The usual pattern is simple: your app starts a run, stores the returned `run_id`, polls or listens for status changes, and submits human responses when Orchflow pauses.
Start from your backend
Use your server to call Orchflow so your app controls when workflows begin and how the resulting `run_id` is stored.
Show progress in your UI
Read `GET /runs/{id}` or `GET /runs/{id}/tasks` and render task states in your own product interface.
Resume after human input
When a run pauses, your UI can capture approval or missing context and pass it back through the task completion endpoint.
import requests
api_key = "orch_your_key"
run = requests.post(
"https://api.orchflow.cloud/api/v1/runs",
headers={"X-API-Key": api_key},
json={
"task": "Research competitors, compare pricing, then draft our launch strategy.",
"agents": [
{"name": "research"},
{"name": "analyst"},
{"name": "writer"}
],
"ask_me_about": ["company details", "brand voice"],
"require_approval": False
}
).json()
run_id = run["run_id"]
import requests
requests.post(
f"https://api.orchflow.cloud/api/v1/runs/{run_id}/tasks/T1/complete",
headers={"X-API-Key": api_key},
json={
"output": "Target audience is solo freelancers. Brand voice should be practical and founder-friendly."
}
)
const res = await fetch(`https://api.orchflow.cloud/api/v1/runs/${runId}`, {
headers: { "X-API-Key": apiKey }
});
const run = await res.json();
if (run.status === "waiting_human") {
// Show approval form or collect missing context in your UI
}
Common responses
These are the most common API responses you should expect during development.

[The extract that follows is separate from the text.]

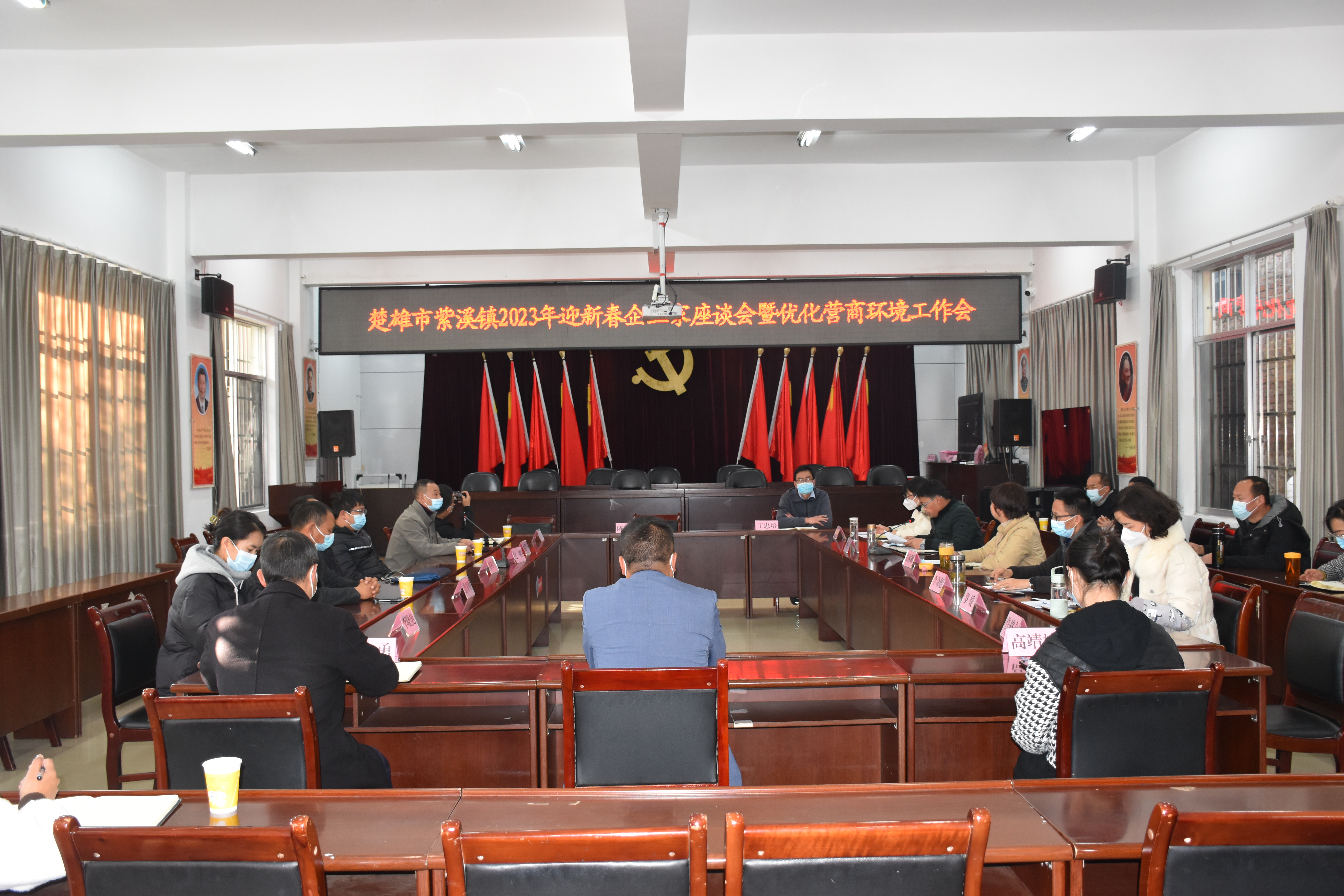 为深入学习贯彻党的二十大精神,厚植优质营商环境“土壤”、激发市场主体活力,推动作风革命、效能革命融入于经济社会发展的全过程、各方面。1月17日,楚雄市紫溪镇召开2023年迎新春企业家座谈会暨优化营商环境工作会。镇党政班子成员、各站所负责人、部分受邀企业和个体工商户欢聚一堂,共迎新春、共叙情谊、共话发展、共谋未来。

Most development issues come from missing API keys, consumed trial runs, invalid payloads, or polling too aggressively. The table below covers the usual fixes.
| Status | Meaning | Typical fix |
|---|---|---|
| 401 | Missing or invalid API key | Pass a valid `X-API-Key` header |
| 402 | Managed trial runs used up or BYOK required | Register a provider and pass `provider_id` |
| 404 | Run, task, or provider not found | Check the ID and ownership |
| 422 | Validation error | Check body shape, prompt fields, and required values |
| 429 | Rate limit exceeded | Retry later or slow down polling |
Good first tasks to try
Use tasks where Orchflow can show planning, routing, human checkpoints, and synthesis clearly.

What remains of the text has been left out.